Cuando se habla de minería informal, la primera imagen que se viene a la mente es la de un viejecito, con un amplio sombrero de paja toquilla, sentado a la orilla de un río, lavando oro en una bandeja puntiaguda y sacando, ocasionalmente, pequeñisimas pepitas de ese mineral.
Pero la realidad es muy distinta a las imágenes idealizadas. La realidad es que la minería ilegal son decenas de retroescavadoras reunidas en un sólo punto destrozando el cauce y el ecosistema del río Napo.
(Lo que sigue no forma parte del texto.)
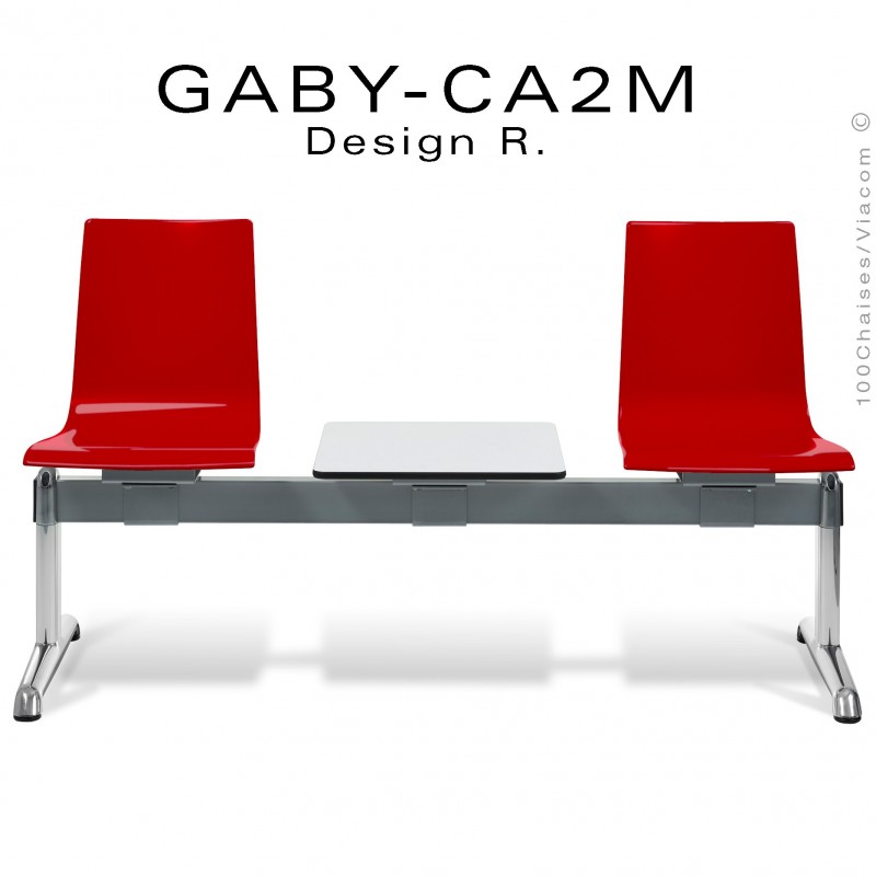 Normes européennesBanc ou assise sur poutre design GABY, pour salle d'attente, assise deux (2) places coque plastique "Restylon" couleur rouge, blanche, anthracite. Possibilité de patchwork des couleurs d'assise (mélange) info à commandes@100chaises.fr ou sur l'espace "message" lors de votre commande. Structure poutre tube d'acier 80x40 mm. finition peinture polyester gris-argent ou autre voir palette peinture au choix. Piétement type T en aluminium poli. Plateau porte revue dimensions 450x450 mm., type compact épaisseur 10 mm., placage stratifié blanc deux faces, chant noir. Avec tampons plastiques noir de protections des sols.

Y la razón por la que tantas retroescavadoras y equipos llegaron a esos sitios es muy sencilla: rentabilidad. Así de sencillo.
Con los actuales precios de los minerales, toda la minería es rentable y peor aún si se trata de minerales “estrella” como oro o cobre, cuyos precios están en récords históricos.
Esos altísimos precios son tanto una bendición como una maldición porque al hacer tan rentable la minería, pueden atraer hasta a los personajes menos deseados. En esto, el país tiene que generar el ambiente necesario para que esta actividad tan rentable la lleven a cabo los personajes deseables y eso implica no dejar un vacío que pueda ser ocupado por los ilegales.
La rentabilidad de la minería la acerca (en un aspecto) a las drogas: se puede ganar tanto dinero que, si no se lo hace legalmente, alguien lo hará ilegalmente. Y no hay contingente policial que las pueda frenar (ni a las drogas ni a la minería ilegal).
Si no logramos que los legales ocupen todos los espacios posibles, serán las mafias ilegales y destructivas quienes lo harán. Esto ya dejó de ser un tema de si contaminan o no y se volvió un tema de Estado de Derecho y si lo carcomen o no. Las retroescavadoras del Napo destrozan su cauce y su ecosistema y destruyen la sociedad al corromperla. Habría menos contaminación y mucho menos corrupción si se hubiera concesionado esa mina a alguien formal.